◆ About this task ◆
In the records below, find the line containing "Koppling beslag Minifix" and the line containing "Cozy pile jacket". Give again exactly those lines and every line between them, omitting the pictures.

◆ Provided entries ◆
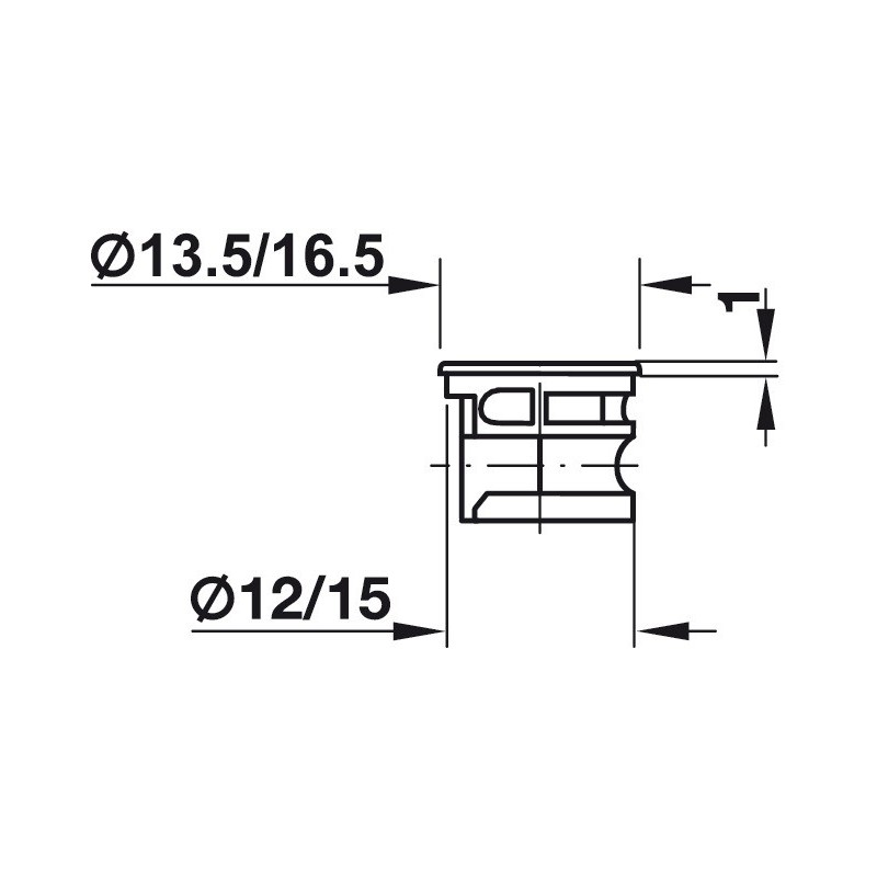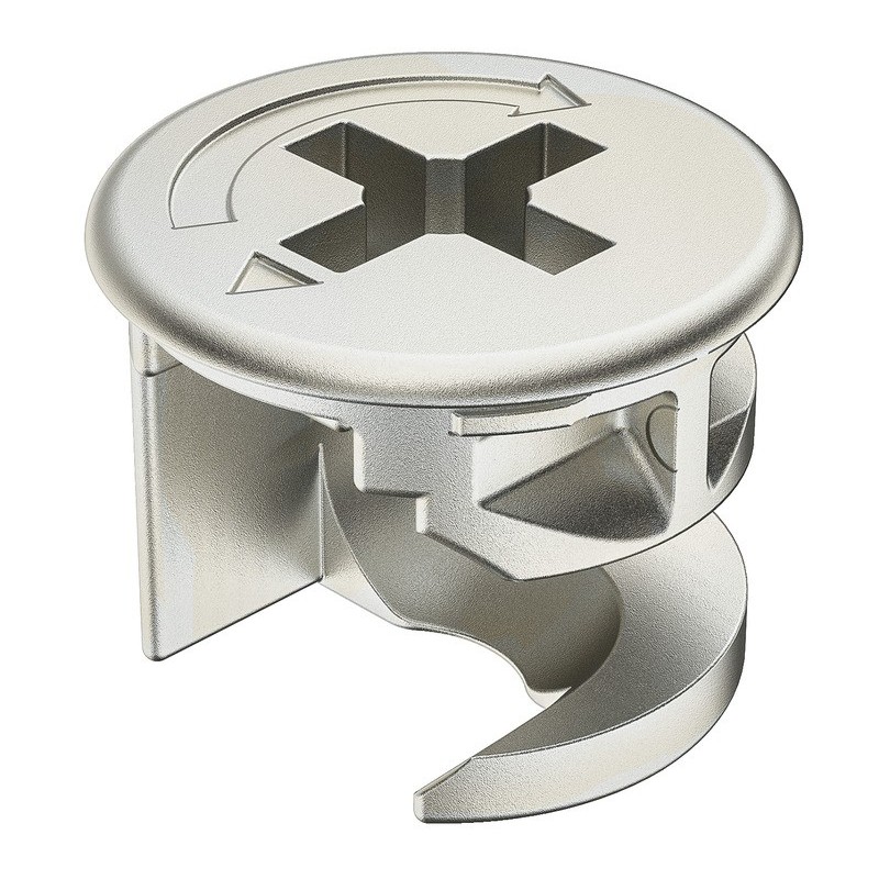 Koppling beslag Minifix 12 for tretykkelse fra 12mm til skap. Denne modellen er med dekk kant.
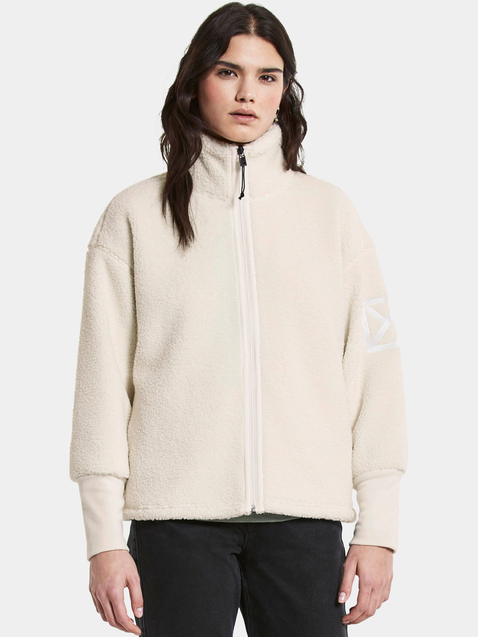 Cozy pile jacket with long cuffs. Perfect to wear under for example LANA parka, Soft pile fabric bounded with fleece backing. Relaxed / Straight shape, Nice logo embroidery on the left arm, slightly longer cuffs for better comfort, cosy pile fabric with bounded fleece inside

* * *

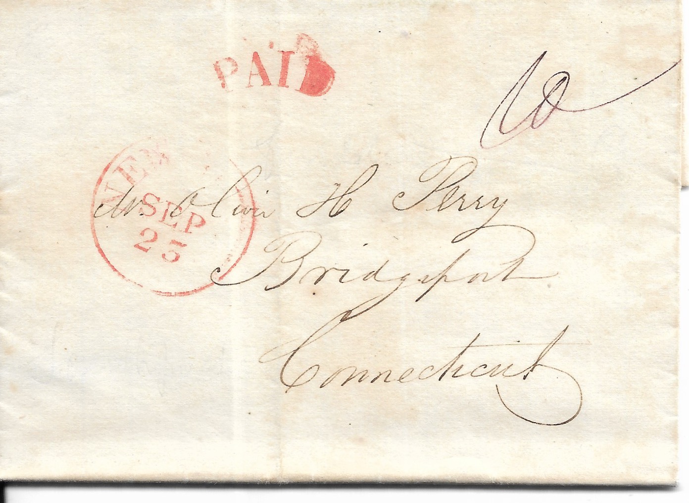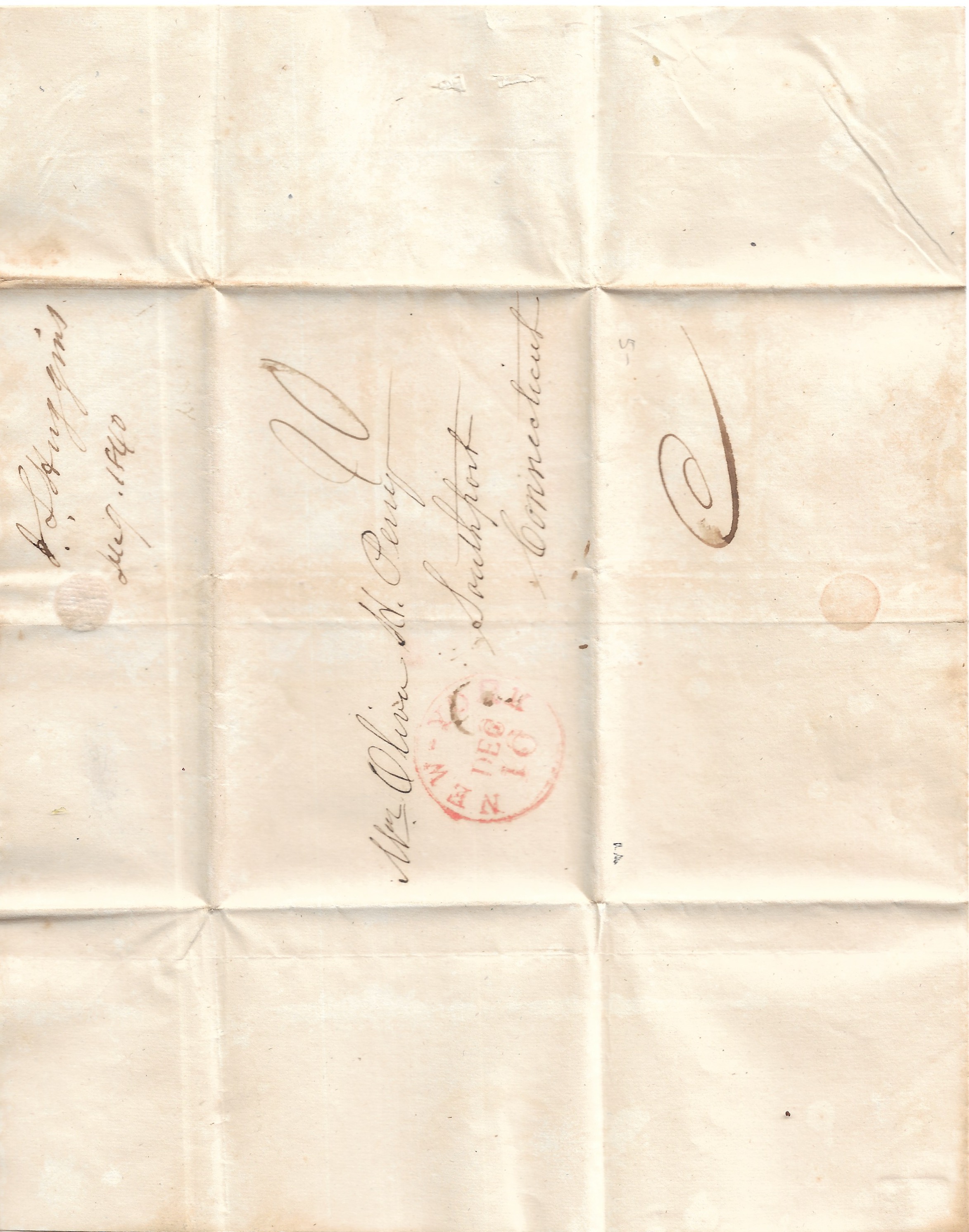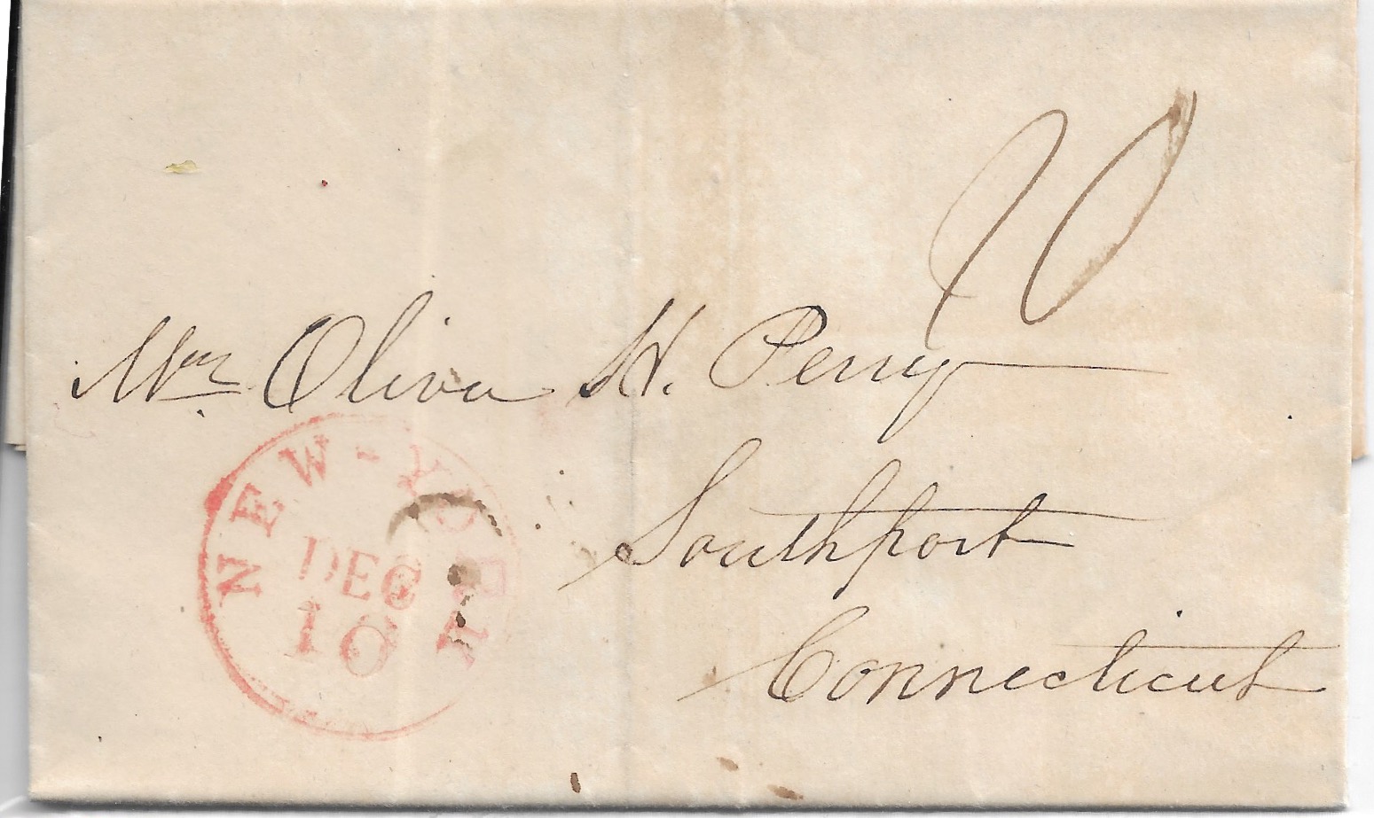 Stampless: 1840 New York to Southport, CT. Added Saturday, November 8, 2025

◆ Solution for this exercise ◆
 Koppling beslag Minifix 12 for tretykkelse fra 12mm til skap. Denne modellen er med dekk kant.
 Cozy pile jacket with long cuffs. Perfect to wear under for example LANA parka, Soft pile fabric bounded with fleece backing. Relaxed / Straight shape, Nice logo embroidery on the left arm, slightly longer cuffs for better comfort, cosy pile fabric with bounded fleece inside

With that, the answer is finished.